I'm really trying to leverage all the media on that single page because, honestly, video, as you probably know, is really going to be the future of content consumption. It pretty much is already here. Most people are digesting content through video and audio. It's going to be catching up very, very soon. Not to say that people are just going to stop reading. People are going to continue reading, but that's why it's so critical to have all three forms of content digestion and media types on one page because everyone digests content a different way.
Most importantly, Google is going to be looking at those things as well. If they're trying to determine what page to rank because they have two pages. One page has a 5,000 word article, the other page has a 5,000 word article, but one of those pages has both audio and video, the other page just has an article. Who's going to win in that? Obviously, it's going to be the one who is adding more media and depth to their content. Also, from an indirect perspective, when you have video and audio it actually increases the dwell time of that page. Which, as I said before, is a positive user signal. There's just a lot of good reasons to do it, not just from an SEO perspective but also just from a general content marketing perspective as well.
Andy Baldacci: That makes perfect sense. For the busy start up founder that has been listening to this, has kind of had their mind blown on what they thought SEO was like and now after hearing you talk, have a much different perspective and they want to make some changes in their business but don't know where to begin. What is just a good first step to take, to kind of get things back on the right track for their business?
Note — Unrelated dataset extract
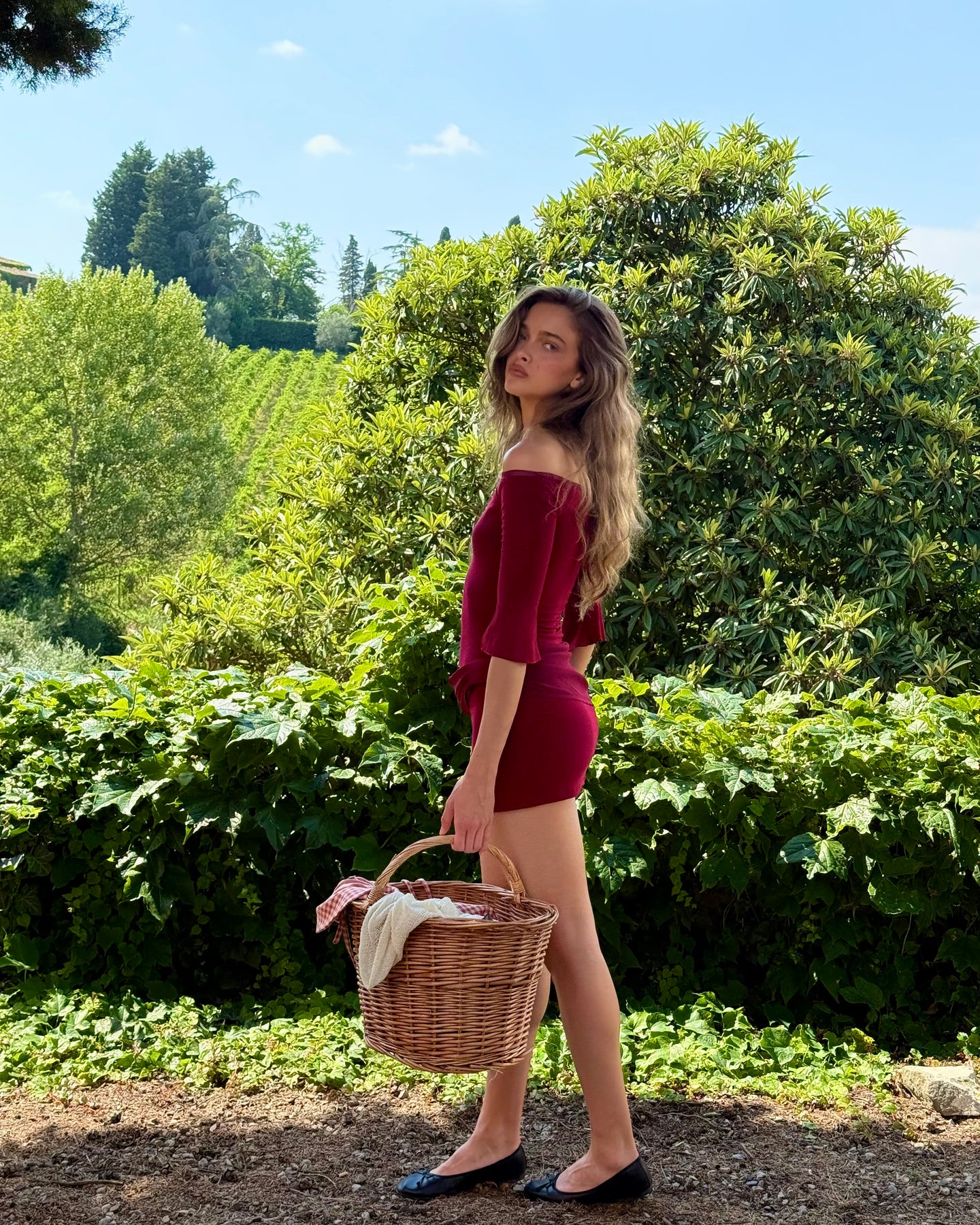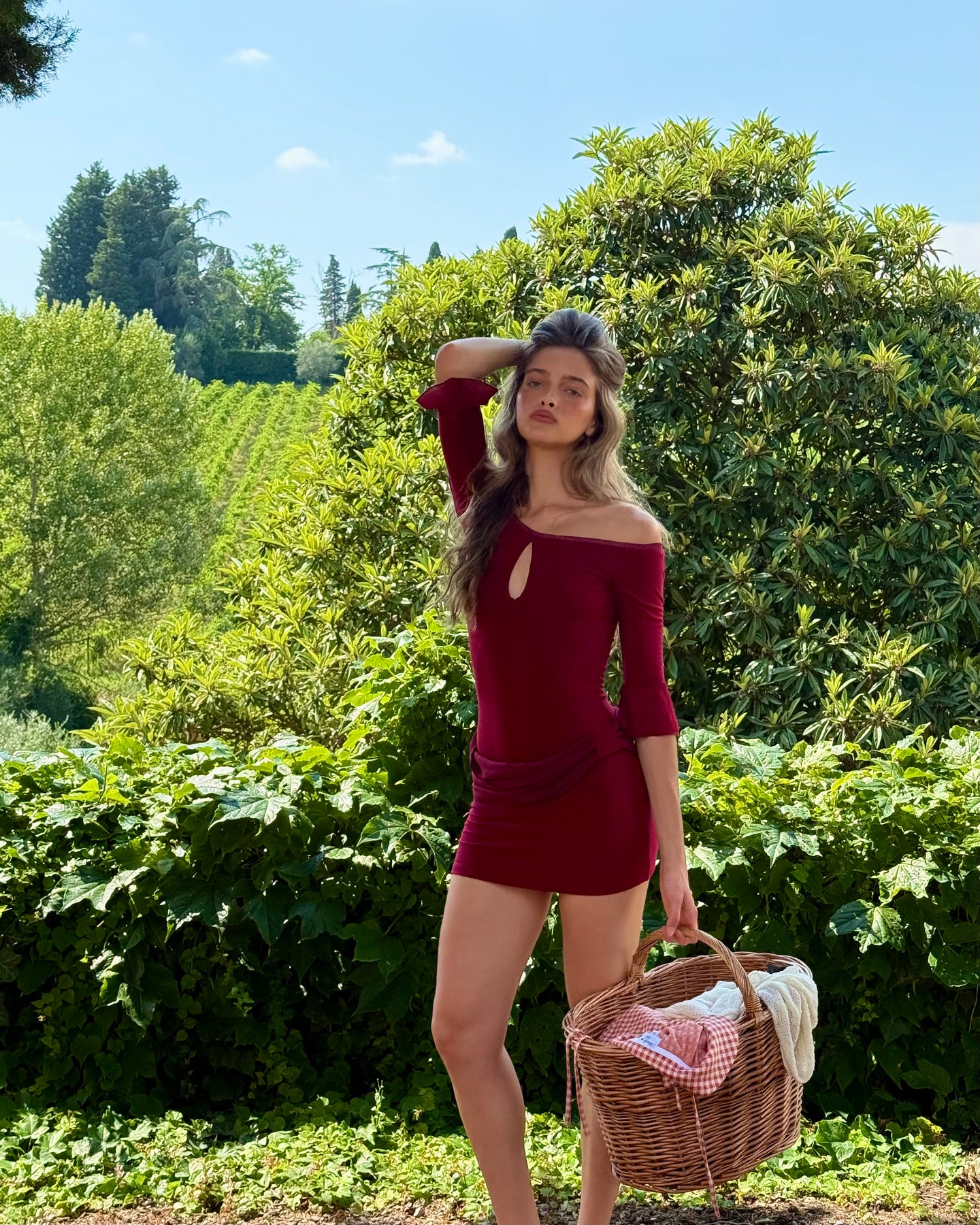 The Isla Dress features an off-shoulder neckline, subtle keyhole detail, and soft flared sleeves that feel effortlessly romantic. Its rich red hue and feminine draping create a warm, holiday mood—perfect for Christmas dinners, winter getaways, or golden afternoons.

Nathan Gotch: Yeah. If you're ready to start doing SEO, the first thing you should do is just do some deep keyword research. Just use … really, you can use many different ways to find keywords. Obviously, the most obvious is to use the Google Keyword Planner, but there are some more advanced ways you can go out there and find keywords such as going to forums. Using Ubersuggest.
I'll just say real quick, the way you use forums is just go to relevant forums so you can just go into Google and put SEO plus forum or fitness plus forum. Then just look at the categories. The way that, that forum is laid out and then go deeper and look at the threads. What are people talking about? You can find a lot of topics in there and this is something that I teach in the Academy.
But a lot of people when they start doing SEO, is that they just go into the Google Keyword Planner and look at the search volume for a keyword. Of course, that's a good idea, but there are actually other ways to validate keyword ideas because sometimes you'll find a keyword and you'll throw it in the Google Keyword Planner and it will have no search volume. Most people would be, "It doesn't have search volume. Well then I'm not going to go after it." But that's actually a really bad idea because you have to remember that Google doesn't have data on every single keyword that's ever existed.
Andy Baldacci: True.
Nathan Gotch: They have a lot of data. No doubt about it. But there are things that they are missing and one way to validate keyword ideas is, if you find an idea in a forum, look at the amount of user engagement around that topic. If there's a lot user engagement around that topic, then you can basically figure out or figure that it's going to have engagement in the search engine as well because if people are interested on the forum, they're probably going to be interested in a search engine as well. That's one thing that I do. I use a combination of those two things. Targeting keywords that actually have search volume in the Google Keyword Planner, but also targeting keywords that don't, but have that user engagement as a validation method.
Andy Baldacci: That's an awesome tip. That's something where I hadn't even thought of that at all. Do you have any articles, or an article on your site that goes more into keyword research?
Nathan Gotch: Yeah, I do. It's more of a round up. It's seven SEO experts give their favorite keyword research tips, but I can send that to you.
Andy Baldacci: Awesome. I'll make sure to get that linked up in the show notes. Before we do say goodbye, I'd like to just ask all my guests a couple rapid fire questions. And I know … the first one is just, I know that you learn a lot through experimentation yourself, but if you were to name a few people in the space that you also have learned from working or continue to learn from, who would those people be?
Nathan Gotch: I would have to say the people that continue to impress me as far as SEO are Brian Dean. Who I think you said you interviewed, right?
Andy Baldacci: He will be coming up. I interviewed him … but, it's scheduled.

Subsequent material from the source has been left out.